25.2.19

The Activities of the Sea Beast

Monday, February 25


Revelation 13:5 specifies a time period of persecution that we talked about in yesterday’s study. The 42 months of the beast’s activities is the same time period as the 1,260 days/years of the persecution of the woman/church in Revelation 12:6, 14. (A prophetic day symbolizes a year [Numbers 14:34, Ezekiel 4:6]. See Tuesday’s study in Lesson 7). The year A.D. 538 marks appropriately the beginning of this prophetic period when the Roman church, with the pope as its head, established itself as a church-state power that dominated the Western world throughout medieval times. The events of the French Revolution inflicted the deadly wound upon the beast in A.D. 1798, thus bringing the church’s oppressive rule and the state-empowered religion to a temporary end.

Compare Revelation 13:5-8 with Daniel 7:24-25 and 2 Thessalonians 2:2-12. In what way do the activities of the sea beast mirror the descriptions of the little horn and the man of lawlessness?

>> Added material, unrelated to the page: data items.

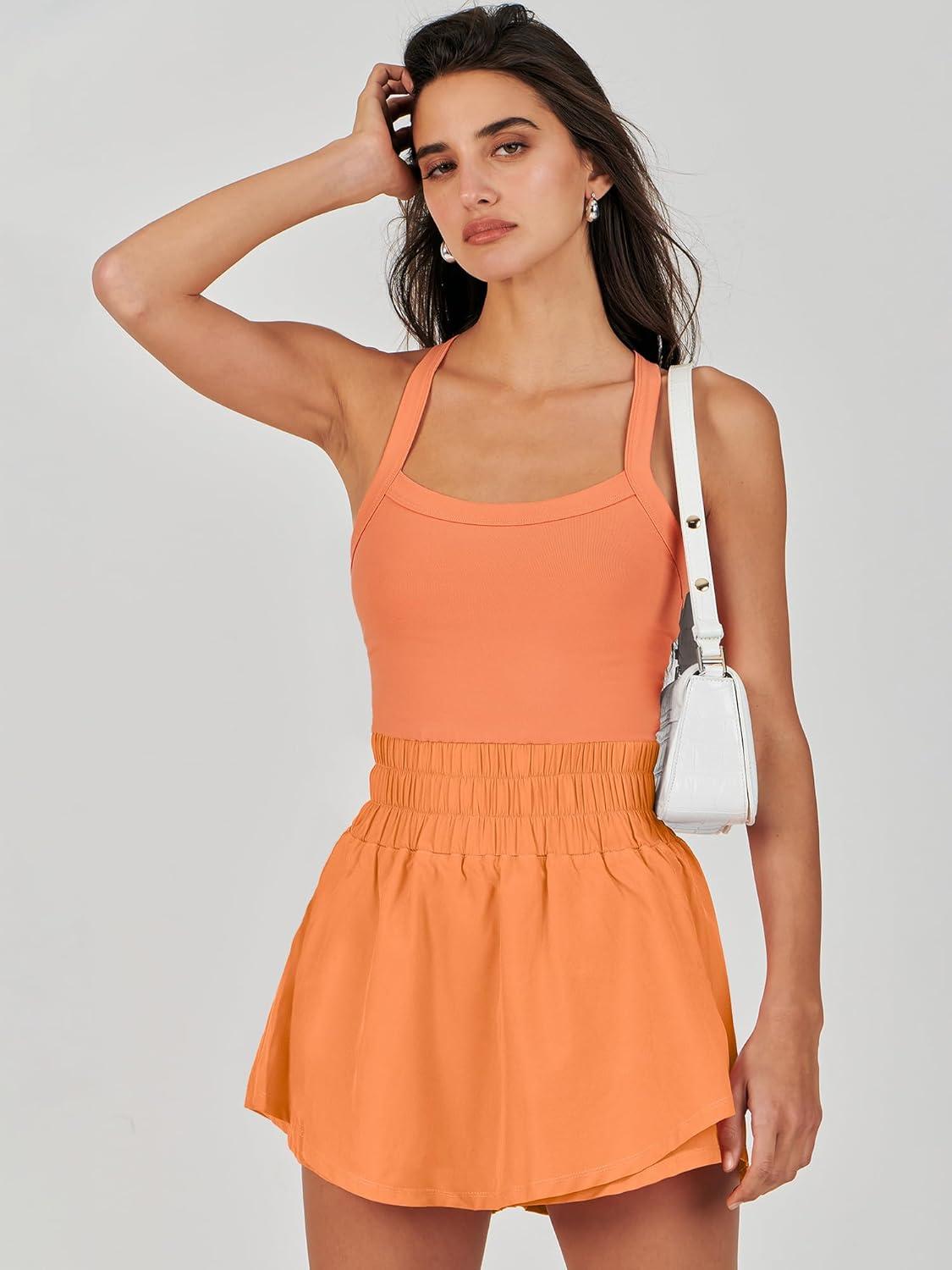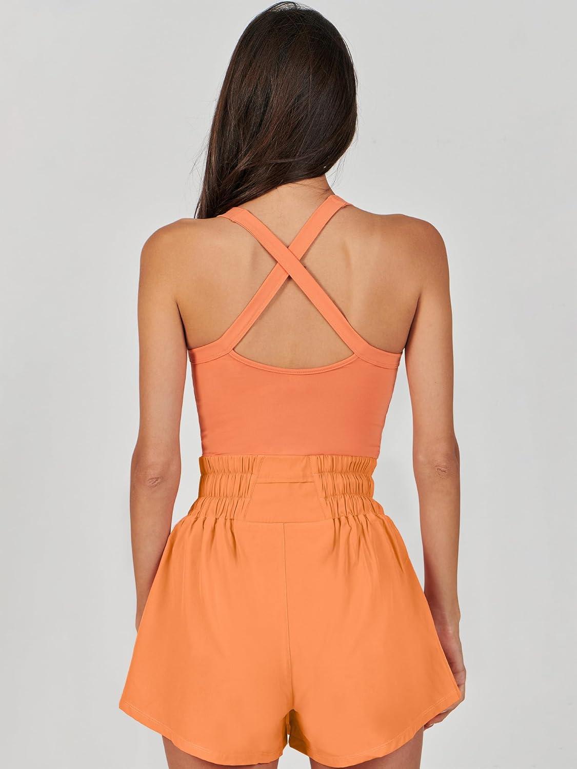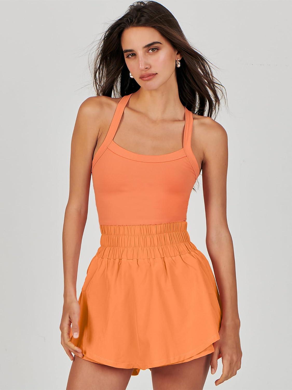 ANRABESS Womens Mini Tennis Dresses Skort Summer Sleeveless One Piece Workout Romper Dress with Shorts Athletic 2026 Outfit(Orange)
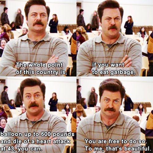 "The whole point of this country is if you want to eat garbage, balloon up to 600 pounds and die of a heart attack at 43, you can! You are free to do so. To me, that’s beautiful."
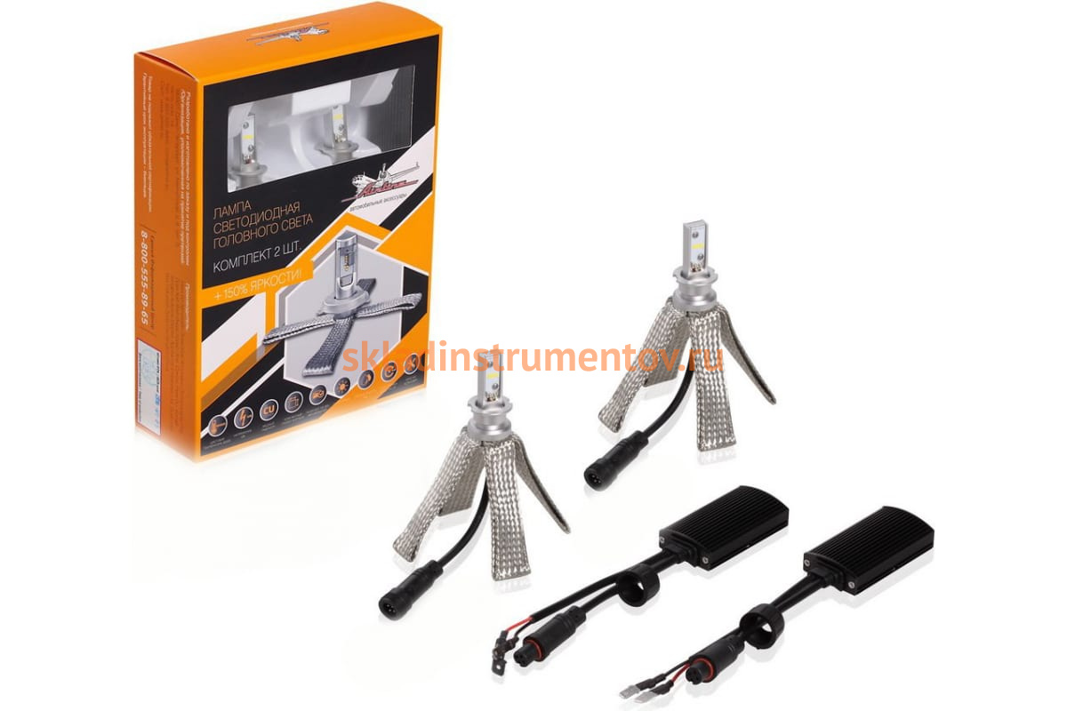 —Светодиодная лампа H3 Airline PREMIUM LED 12В, 18Вт, 6500К, 5000Лм, белая, 2шт ALED-H3-02
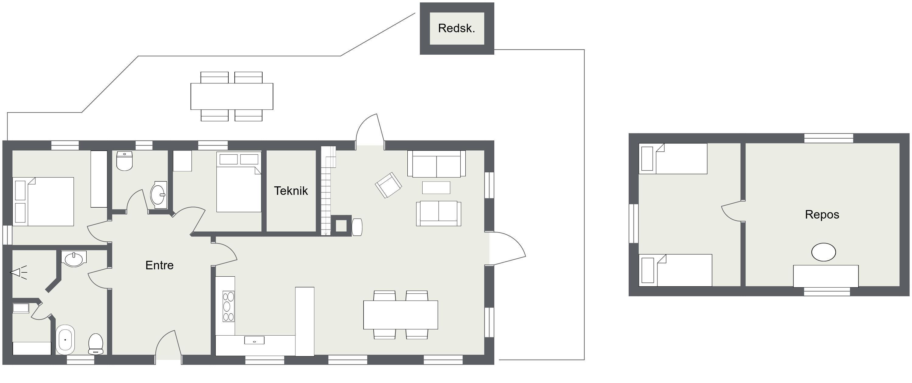 Layout: Large entrance hallway. Spacious, tiled living/dining room open to the roof ridge with a good fireplace and access to the south and west terraces. Spacious kitchen in open connection to the living room. A total of 3 bedrooms: on the ground floor two with double bed, one of them 3/4 wide and on the 1st floor one with 2 single beds. You have two modern bathrooms at your disposal, a guest toilet with changing table and a large bathroom with shower, sauna and - a special feature for a summer house in this area - with a bathtub.
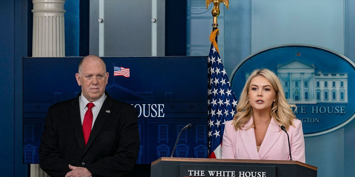 Press Secretary Karoline Leavitt (right) speaks as border czar Tom Homan looks on during a White House briefing on Monday. Andrew Thomas/AFP via Getty hide caption toggle caption Andrew...

The sea beast’s activities during the prophetic 1,260 days/years are stated in terms of blasphemies. In the New Testament, blasphemy can denote a claim of equality with God (John 10:33, Matthew 26:63-65) and the action of usurping His authority (Mark 2:7). The sea beast’s blasphemies are directed “against God, to blaspheme His name, His tabernacle, and those who dwell in heaven” (Revelation 13:6, NKJV). The dwelling of God is the sanctuary in heaven, where Christ ministers on behalf of our salvation. The sea beast seeks to negate Christ’s mediatorial work by attempting to replace it with a human priesthood that claims to administer salvation and the forgiveness of sins. Assuming these powers that belong only to God is the essence of blasphemy.

Revelation 13 points to a time of major apostasy in Christianity, which was fulfilled when Roman Catholicism claimed the position and authority of God with the pope as its head. Those who refused submission to Rome experienced persecution and martyrdom. Although today such statements are viewed as harsh, even bigoted, the present cannot erase the history, no matter how much some people wish that it would.

How can we stay faithful to prophecy about church history and yet, at the same time, be kind and cautious as we present these truths to others?